EXERCISE BRIEF
All of the lines below are to be transcribed faithfully, with pictures excluded from the copy.

INPUT DATA
★ ★ ★ ★ ★ ★ ★
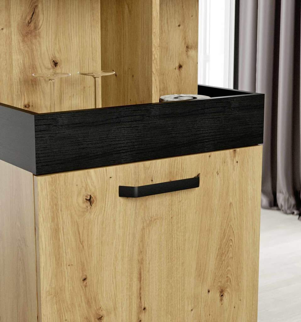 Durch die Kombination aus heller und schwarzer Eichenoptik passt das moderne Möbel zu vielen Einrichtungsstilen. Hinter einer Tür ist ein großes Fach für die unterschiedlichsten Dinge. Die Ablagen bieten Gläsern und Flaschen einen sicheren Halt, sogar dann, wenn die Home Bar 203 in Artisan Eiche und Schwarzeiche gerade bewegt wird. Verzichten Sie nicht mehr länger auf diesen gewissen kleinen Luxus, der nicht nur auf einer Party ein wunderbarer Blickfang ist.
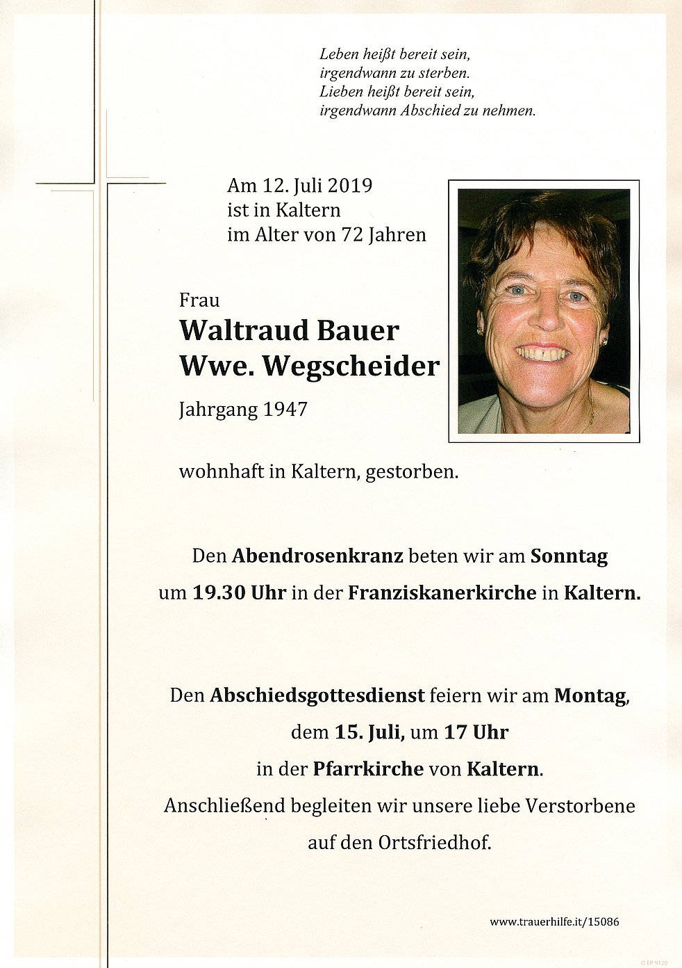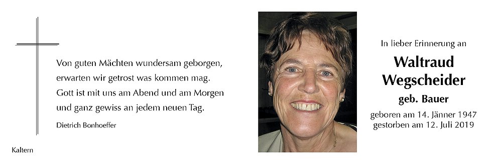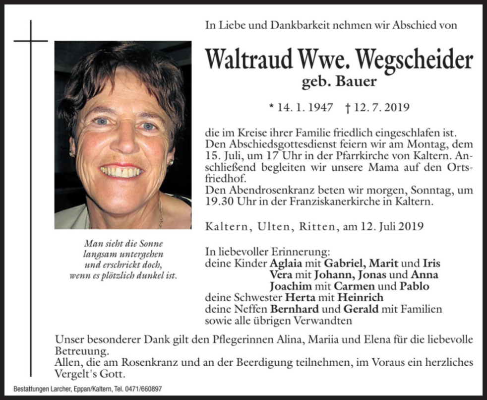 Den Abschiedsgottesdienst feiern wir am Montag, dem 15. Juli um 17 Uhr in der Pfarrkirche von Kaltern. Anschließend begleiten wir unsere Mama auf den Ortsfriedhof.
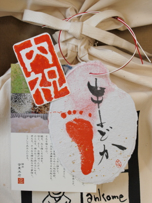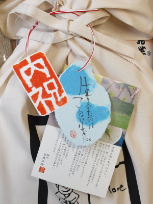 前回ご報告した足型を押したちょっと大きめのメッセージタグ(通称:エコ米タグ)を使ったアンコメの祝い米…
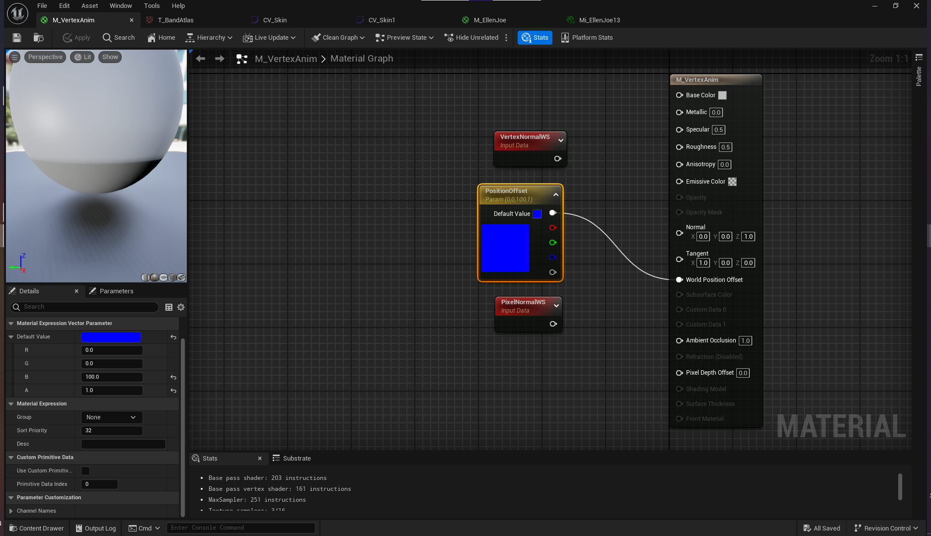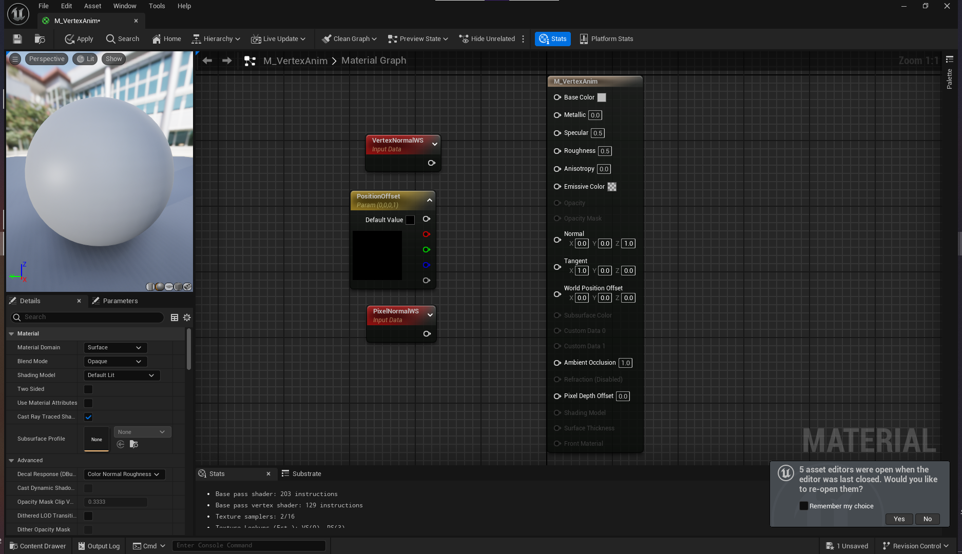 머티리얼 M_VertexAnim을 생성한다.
★ ★ ★ ★ ★ ★ ★
ANSWER TO THIS TASK
 Durch die Kombination aus heller und schwarzer Eichenoptik passt das moderne Möbel zu vielen Einrichtungsstilen. Hinter einer Tür ist ein großes Fach für die unterschiedlichsten Dinge. Die Ablagen bieten Gläsern und Flaschen einen sicheren Halt, sogar dann, wenn die Home Bar 203 in Artisan Eiche und Schwarzeiche gerade bewegt wird. Verzichten Sie nicht mehr länger auf diesen gewissen kleinen Luxus, der nicht nur auf einer Party ein wunderbarer Blickfang ist.
 Den Abschiedsgottesdienst feiern wir am Montag, dem 15. Juli um 17 Uhr in der Pfarrkirche von Kaltern. Anschließend begleiten wir unsere Mama auf den Ortsfriedhof.
 前回ご報告した足型を押したちょっと大きめのメッセージタグ(通称:エコ米タグ)を使ったアンコメの祝い米…
 머티리얼 M_VertexAnim을 생성한다.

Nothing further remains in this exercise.